Structured Prompt Optimization Meets Reinforcement Learning for Global and Local Interpretability over Complex Text
For NLP practitioners needing interpretable yet high-performing text classifiers, eXTC offers a solution that balances accuracy, local reasoning traces, and global rule-based explanations.
eXTC introduces a three-stage framework combining structured prompt optimization, SOP-grounded reasoning distillation, and reinforcement learning to build an explainable text classifier that outperforms existing paradigms in both classification performance and explanation quality across diverse benchmarks.

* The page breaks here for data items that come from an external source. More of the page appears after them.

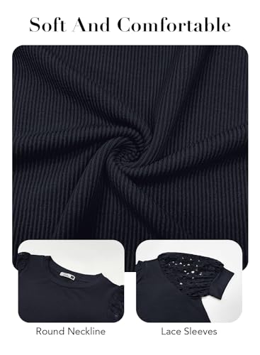 More information about DOROSE Women's Puff Sleeve Tops Lace Casual Loose Summer Blouses T Shirt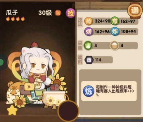 【自己每制作一道神级料理增加10%,可以做一个拉拉队,上糖番茄之类的一火菜增加贵客率,上限80%坑爹的是只有自己做才加,如果所有人都加可以封神,只自己做就有点鸡肋了,强度超过普通氪金贵客厨,但是比不上国家队,追求贵客率传统国家队要暴击有暴击要贵客率有贵客率,比丢国家队暴击更高】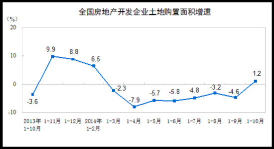 1-10月份,房地产开发企业土地购置面积26972万平方米,同比增长1.2%,1-9月份为下降4.6%;土地成交价款7747亿元,增长20.4%,增速提高8.9个百分点。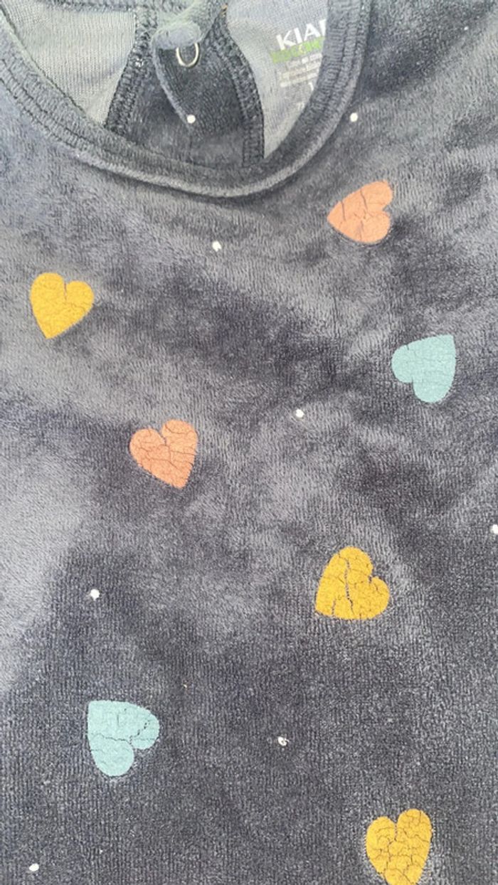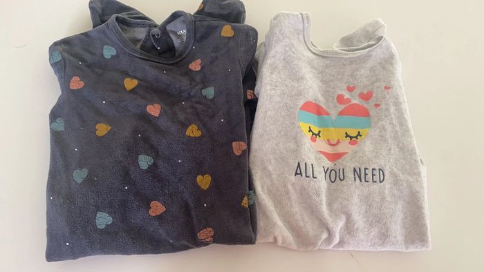 Lot de 2 Pyjamas 1 pièce manches longues avec pieds ; Matière velours Taille 18 mois ⚠️ Les cœurs sont craquelés, cf. Photos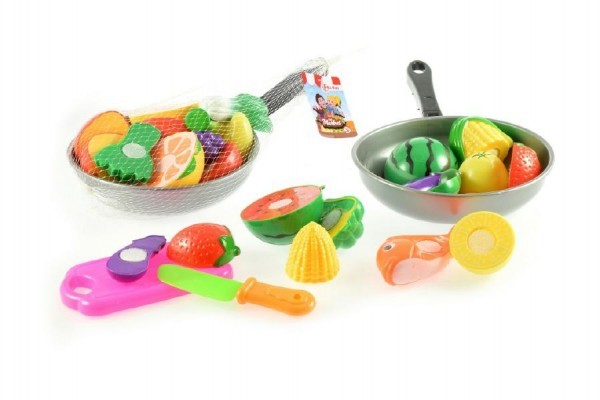 Krájecí potraviny s pánví jsou vhodné pro holčičky, které si rády hrají na kuchařky nebo prodavačky. Zvláštností této sady je to, že je spojeno na suchý zip, a tak se může nakrájet i bez nože. Proto nehrozí žádné zranění. Krájecí ovoce či zelenina je uložen v pánvi o délce 30 cm. Vyrobeno z kvalitního a odolného plastu.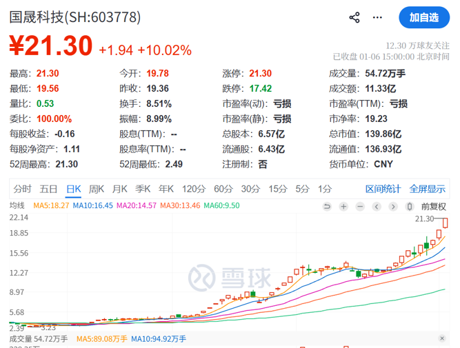 国晟科技公告称,2025年10月31日至2026年1月6日期间,公司股票5次触及股价异常波动、1次触及严重异常波动情形,累计涨幅高达370.20%,公司股价累计涨幅偏离基本面,存在市场情绪过热、非理性炒作风险,存在股价短期快速回落风险。为维护广大投资者利益,根据相关规定,经向上海证券交易所申请,本公司股票将于2026年1月7日(星期三)开市起停牌,预计停牌时间不超过3个交易日,公司股票将自披露核查公告后复牌。

LLMs have advanced text classification, yet existing paradigms face a trade-off: supervised (label only) fine-tuning is scalable but offers limited reasoning on complex text and lacks broader model transparency, while discrete prompt optimization offers human-readable instructions but struggles with performance and scalability. We introduce eXTC (eXplainable Text Classifier) with three progressive stages: (1) learning a Standard Operating Procedure (SOP, or rulebook) in natural language via a new Structured Prompt Optimization algorithm; (2) SOP-grounded reasoning distillation from a large teacher LLM into a compact LM; and (3) expanding reasoning capabilities beyond the initial SOP via reinforcement learning. This design enables eXTC to provide (i) fast inference via a compact LM, with (ii) inference-time local reasoning traces, alongside a global, modular explanation of its learned domain rules, while (iii) significantly outperforming existing paradigms across diverse benchmarks in both classification performance and explanation quality, with stage-by-stage gains.